The voice failed. "Yes?" said Kettle, and stooped nearer.
Clay feebly winked. "You're him," he whispered. "So long, old cock."
Captain Kettle buried his friend in the first gold of the next dawn under a magnolia tree, which was hung with sweet-scented blossoms, in the middle of the village. During the heat of the day he composed a copy of verses to his memory, and when the sun had dropped somewhat, he went out with his knife to carve them on the tree above the grave.
It appeared that the village was not so completely deserted as seemed to the eye, or, at any rate, that he had been watched. On the newly turned earth was a chicken, which had been sacrificed in the orthodox fashion; and for once he beheld the sight without resentment.
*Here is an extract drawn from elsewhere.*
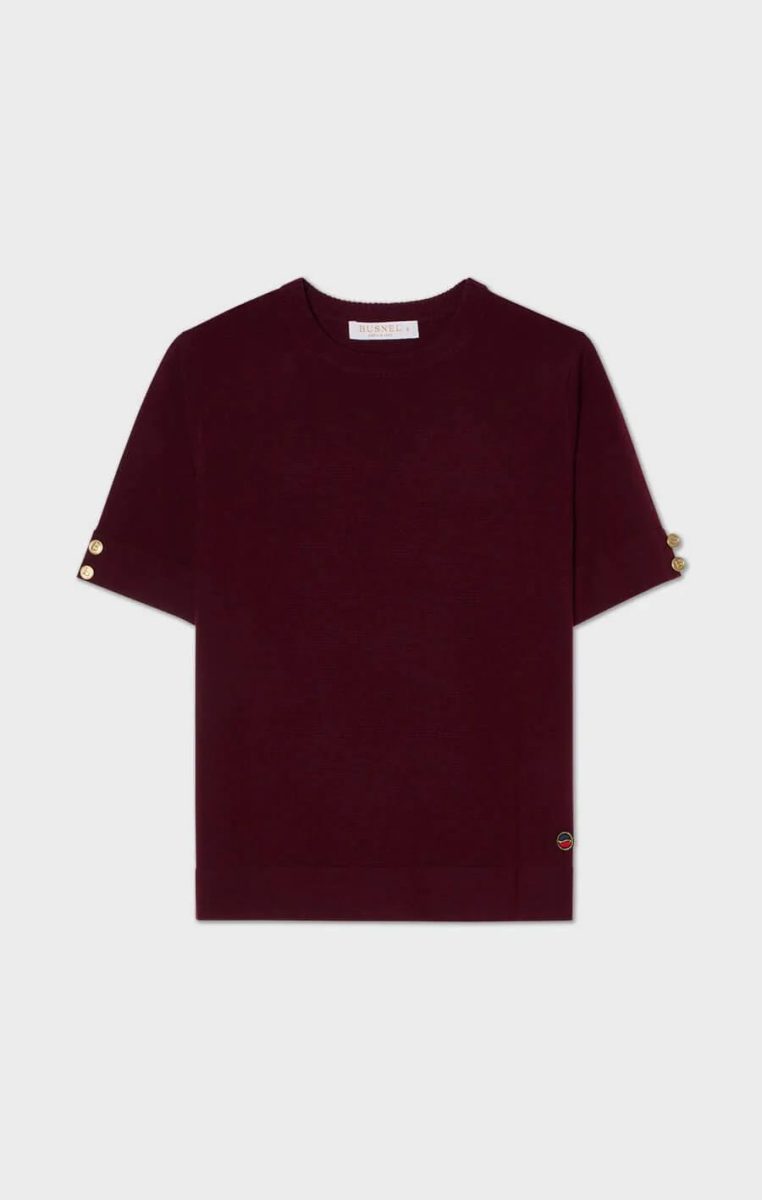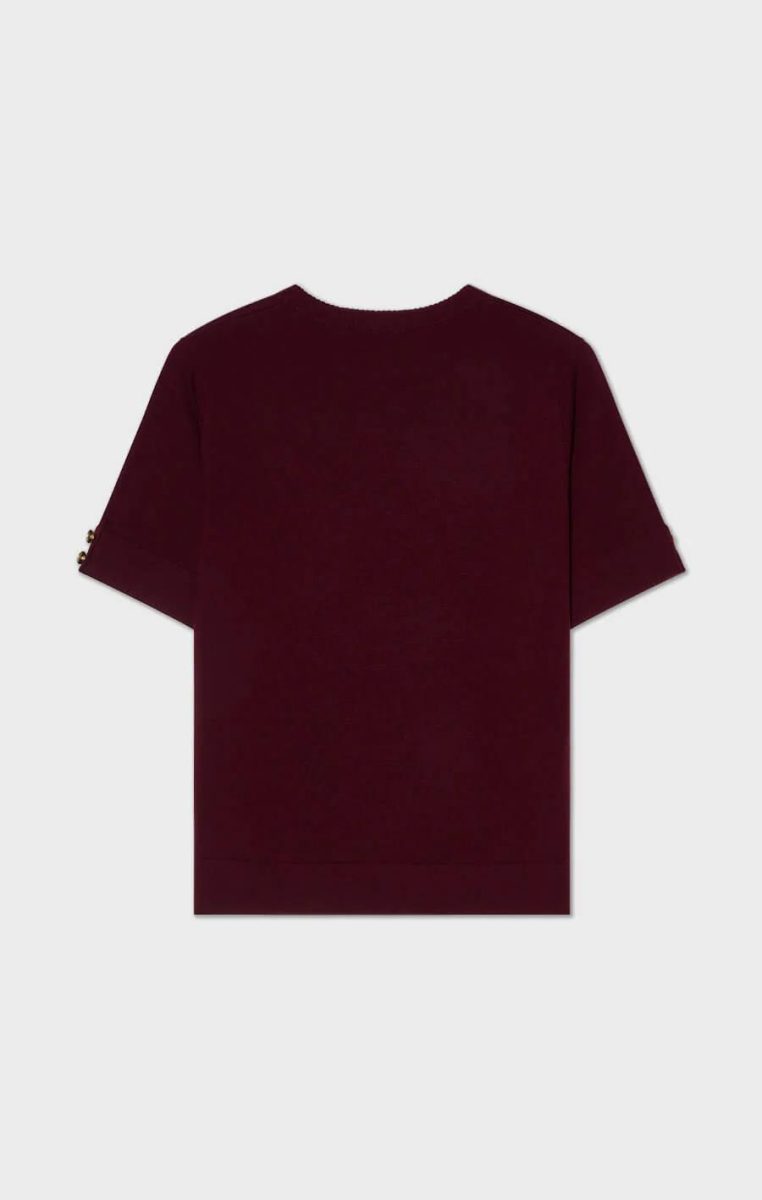 Lucca Top er en strikket kortermet topp i supermyk merinoull. Den har en klassisk rund hals, designet med en klassisk passform. Merinoullstoffet gir god komfort mot huden. For å gjøre den litt mer spesiell, er toppen dekorert med to gullfargede B-knapper på ermene.

He raised his hat to the dead, and "Doc," he said, "this hen-killing is bang against my principles, but I won't say anything now. I guess it's some nigger's way of showing respect to you, and, by James! you're a fellow that ought to be admired. If only it hadn't been for that tree falling down, there'd have been two men round here that would have left their mark on Africa, and you're one of them. Well, old man, you're gone, and I hope you're looking down this moment--or up, as the case may be--to read this bit of poetry I'm going to stick above your head. It's worth attention. It's about the best sample of rhyme I ever hoisted out."